As I noted earlier on this blog, the Court was faced with a procedural mess (I called it a “train wreck”) in the LA redistricting case. Two different federal courts had issued two decisions which left LA with no valid congressional map in place. The first federal court said LA’s original map violated the Voting Rights Act; the second federal court said the new map LA enacted to remedy the VRA violation itself violated the Constitution.
Today, the Court stayed that second decision. The effect of that stay is the state’s remedial map — which creates 2 VRA districts rather than just the 1 the state had created initially — will be the map LA uses this fall.
The stay application apparently got tangled up with Purcell issues, but the Court didn’t have to say anything about Purcell even if it were going to issue the stay. The Court was up against some tight deadlines regardless of any issue about Purcell. It basically had two options:
- The Secretary of State represented very forcefully to the Court that she had to know which map was in place by today, in order to meet the series of deadlines the state’s election laws rolled out from here on in. If the Court accepted those representations, then the case for issuing a stay was strong.
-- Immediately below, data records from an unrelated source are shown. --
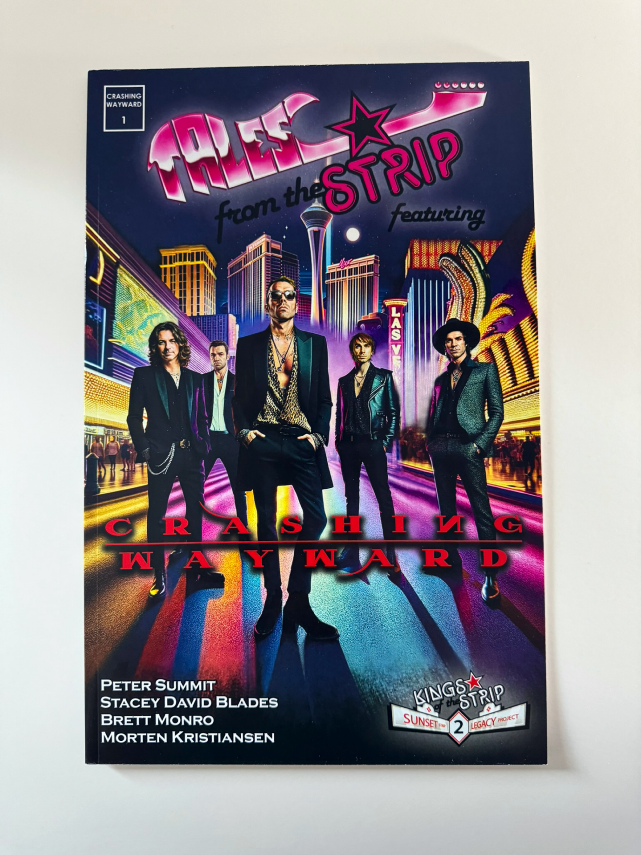 Tales from the Strip featuring Crashing Wayward is the second volume in our “Legacy” series that celebrates the artists of the Sunset Strip era of music. Las Vegas sensations, Crashing Wayward has three “comic-ized” stories in this volume as well, there is a short story featuring The Scene. Crashing Wayward features Stacey David Blades on guitar, formerly of the L.A. Guns.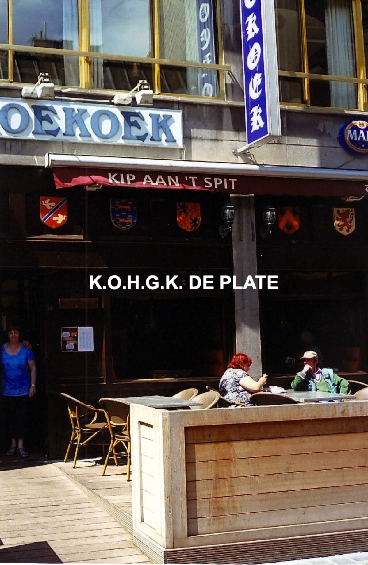 Formaat : 19 x 12,5 cm.- . Langestraat 38-40 : Terras van Taverne Koekoek op de hoek van de Lange- en Christinastraat.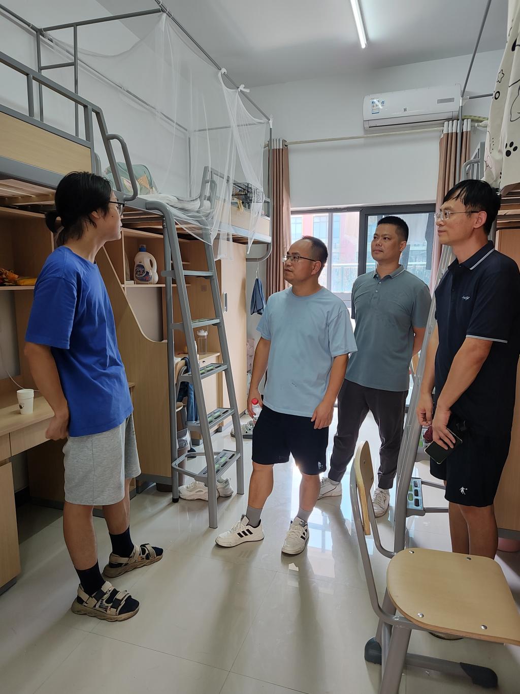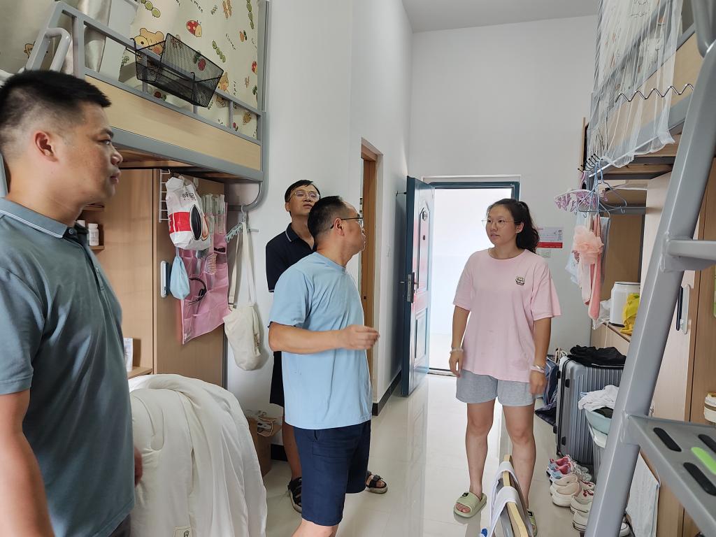 吴书记一行逐一走访各宿舍,详细询问了联培研究生的学习、科研、职业规划、饮食、通勤等情况,叮嘱各位同学明确目标,科学规划,在校期间不断提升个人能力;合理安排饮食作息,提升身体素质和学习能力;提升安全意识,确保通勤安全。走访人员还就学生提出的设备使用、人脸识别等问题进行现场办公,即时联系学校相关职能部门对接解决。

- The other side disputed whether May 15th was such a firm deadline. If the Court thought there was a bit more play in the joints, then it did not have to issue the stay today. The Court could have given a couple more weeks for the next stage of the remedial process to play out (the lower court had stated it would have a remedial map in place by June 4th). Justice Jackson’s dissent disagreed that the May 15th deadline was so important, but didn’t explain why; she simply noted that the lower court had disagreed with the Secretary of State’s representation.
The majority could have said we aren’t in a position to second guess the Secretary of State’s representation that May 15th is a firm deadline by which a map must be in place in order to meet the rest of the election deadlines under the state’s laws. Because we accept that representation, we issue the stay. That would not require invoking Purcell or deciding how it ought to apply in this procedurally messy situation. Since I would imagine the Secretary of State’s representation did play a major role in the Court’s stay decision, the Court could have justified the stay, if it accepted the SOS’s representation, without bringing Purcell into the picture.